5. Execution of Portfolio Transactions. Sub-Advisor is responsible for decisions
to buy and sell securities for the Portfolio, broker-dealer selection, and
negotiation of its brokerage commission rates. Sub-Advisor shall determine the
securities to be purchased or sold by the Portfolio pursuant to its
determinations with or through such persons, brokers or dealers, in conformity
with the policy with respect to brokerage as set forth in the Trust's Prospectus
and Statement of Additional Information, or as the Board of Trustees may
determine from time to time. Generally, Sub-Advisor's primary consideration in
placing Portfolio securities transactions with broker-dealers for execution is
to obtain and maintain the availability of best execution at the best net price
and in the most effective manner possible. The Sub-Advisor may consider sale of
the shares of the Portfolio and/or contracts that permit allocations of contract
values to sub-accounts that purchase shares of the Portfolio, as well as
recommendations of the Investment Manager, subject to the requirements of best
net price and most favorable execution.
Consistent with this policy, the Sub-Advisor will take the
following into consideration: the best net price available; the reliability,
integrity and financial condition of the broker-dealer; the size of and
difficulty in executing the order; and the value of the expected contribution of
the broker-dealer to the investment performance of the Portfolio on a continuing
basis. Accordingly, the cost of the brokerage commissions to the Portfolio may
be greater than that available from other brokers if the difference is
reasonably justified by other aspects of the portfolio execution services
offered. Subject to such policies and procedures as the Board of Trustees of the
Trust may determine, the Sub-Advisor shall not be deemed to have acted
unlawfully or to have breached any duty solely by reason of its having caused
the Portfolio to pay a broker-dealer that provides research services to the
Sub-Advisor for the Portfolio's use an amount of commission for effecting a
portfolio investment transaction in excess of the amount of commission another
broker-dealer would have charged for effecting that transaction, if the
Sub-Advisor determines in good faith that such amount of commission was
reasonable in relation to the value of the research services provided by such
broker, viewed in terms of either that particular transaction or the
Sub-Advisor's ongoing responsibilities with respect to the Portfolio. The
Sub-Advisor is further authorized to allocate the orders placed by it on behalf
of the Portfolio to such broker-dealers who also provide research or statistical
material, or other services to the Portfolio or the Sub-Advisor. Such allocation
shall be in such amounts and proportions as the Sub-Advisor shall determine and
the Sub-Advisor will report on said allocations to the Investment Manager
regularly as requested by the Investment Manager and, in any event, at least
once each calendar year if no specific request is made, indicating the brokers
to whom such allocations have been made and the basis therefor.

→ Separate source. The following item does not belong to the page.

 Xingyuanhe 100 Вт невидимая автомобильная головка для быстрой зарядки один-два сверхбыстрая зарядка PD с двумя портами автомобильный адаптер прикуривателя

6. Reports by Sub-Advisor. The Sub-Advisor shall furnish the Investment Manager
monthly, quarterly and annual reports concerning transactions and performance of
the Portfolio, including information required in the Trust's Registration, in
such form as may be mutually agreed, to review the Portfolio and discuss the
management of it. The Sub-Advisor shall permit the financial statements, books
and records with respect to the Portfolio to be inspected and audited by the
Trust, the Investment Manager or their agents at all reasonable times during
normal business hours. The Sub-Advisor shall immediately notify and forward to
both Investment Manager and legal counsel for the Trust any legal process served
upon it on behalf of the Investment Manager or the Trust. The Sub-Advisor shall
promptly notify the Investment Manager of any changes in any information
required to be disclosed in the Trust's Registration Statement.

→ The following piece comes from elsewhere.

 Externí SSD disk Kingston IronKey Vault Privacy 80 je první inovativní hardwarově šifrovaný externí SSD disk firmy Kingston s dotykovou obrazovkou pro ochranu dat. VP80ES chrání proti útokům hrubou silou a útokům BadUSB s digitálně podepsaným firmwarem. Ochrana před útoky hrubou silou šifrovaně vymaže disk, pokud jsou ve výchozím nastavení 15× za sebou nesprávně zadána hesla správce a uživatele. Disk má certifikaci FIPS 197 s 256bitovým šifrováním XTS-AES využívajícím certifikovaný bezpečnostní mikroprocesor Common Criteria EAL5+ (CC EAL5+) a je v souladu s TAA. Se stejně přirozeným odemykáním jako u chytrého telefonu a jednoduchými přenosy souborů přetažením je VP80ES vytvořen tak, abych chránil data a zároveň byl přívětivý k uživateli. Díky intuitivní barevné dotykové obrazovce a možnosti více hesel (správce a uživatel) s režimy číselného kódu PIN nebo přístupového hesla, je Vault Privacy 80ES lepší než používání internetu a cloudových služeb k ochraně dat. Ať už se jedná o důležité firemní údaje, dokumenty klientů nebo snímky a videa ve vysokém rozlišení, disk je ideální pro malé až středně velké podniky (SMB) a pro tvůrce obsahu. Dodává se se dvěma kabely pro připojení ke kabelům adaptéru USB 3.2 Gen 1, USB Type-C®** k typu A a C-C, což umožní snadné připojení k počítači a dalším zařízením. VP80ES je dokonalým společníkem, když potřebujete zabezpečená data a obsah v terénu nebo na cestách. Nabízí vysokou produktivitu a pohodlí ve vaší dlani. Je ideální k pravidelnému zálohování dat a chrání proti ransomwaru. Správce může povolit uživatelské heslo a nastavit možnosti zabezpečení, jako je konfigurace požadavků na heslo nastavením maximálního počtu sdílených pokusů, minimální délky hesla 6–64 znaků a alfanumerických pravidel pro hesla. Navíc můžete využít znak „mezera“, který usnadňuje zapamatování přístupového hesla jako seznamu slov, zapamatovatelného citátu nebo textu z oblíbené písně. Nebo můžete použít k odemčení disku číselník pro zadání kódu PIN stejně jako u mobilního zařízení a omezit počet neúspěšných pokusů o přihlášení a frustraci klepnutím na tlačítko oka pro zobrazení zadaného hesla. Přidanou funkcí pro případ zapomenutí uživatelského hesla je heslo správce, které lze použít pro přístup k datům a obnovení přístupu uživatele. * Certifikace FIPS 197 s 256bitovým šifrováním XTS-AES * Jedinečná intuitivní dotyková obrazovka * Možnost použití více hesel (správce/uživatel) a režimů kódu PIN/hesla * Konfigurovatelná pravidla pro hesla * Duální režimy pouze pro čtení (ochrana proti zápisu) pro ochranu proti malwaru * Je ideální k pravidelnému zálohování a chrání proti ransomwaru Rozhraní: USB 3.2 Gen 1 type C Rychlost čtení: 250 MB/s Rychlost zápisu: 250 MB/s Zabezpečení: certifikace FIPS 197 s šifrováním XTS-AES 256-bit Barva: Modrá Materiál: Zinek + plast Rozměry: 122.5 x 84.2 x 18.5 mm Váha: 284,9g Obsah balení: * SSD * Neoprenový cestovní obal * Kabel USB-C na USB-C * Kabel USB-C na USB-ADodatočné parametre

7. Compensation of Sub-Advisor. The amount of the compensation to the
Sub-Advisor is computed at an annual rate. The fee is payable monthly in
arrears, based on the average daily net assets of the Portfolio for each month,
at the annual rates shown below.
For all services rendered, the Investment Manager will calculate and
pay the Sub-Advisor at the annual rate of: .50 of 1% of the portion of the net
assets of the Portfolio not in excess of $25 million; .45 of 1% of the portion
of the net assets over $25 million but not in excess of $75 million; .40 of 1%
of the portion in excess of $75 million but not in excess of $100 million; and
.35 of 1% of the portion of the net assets over $100 million.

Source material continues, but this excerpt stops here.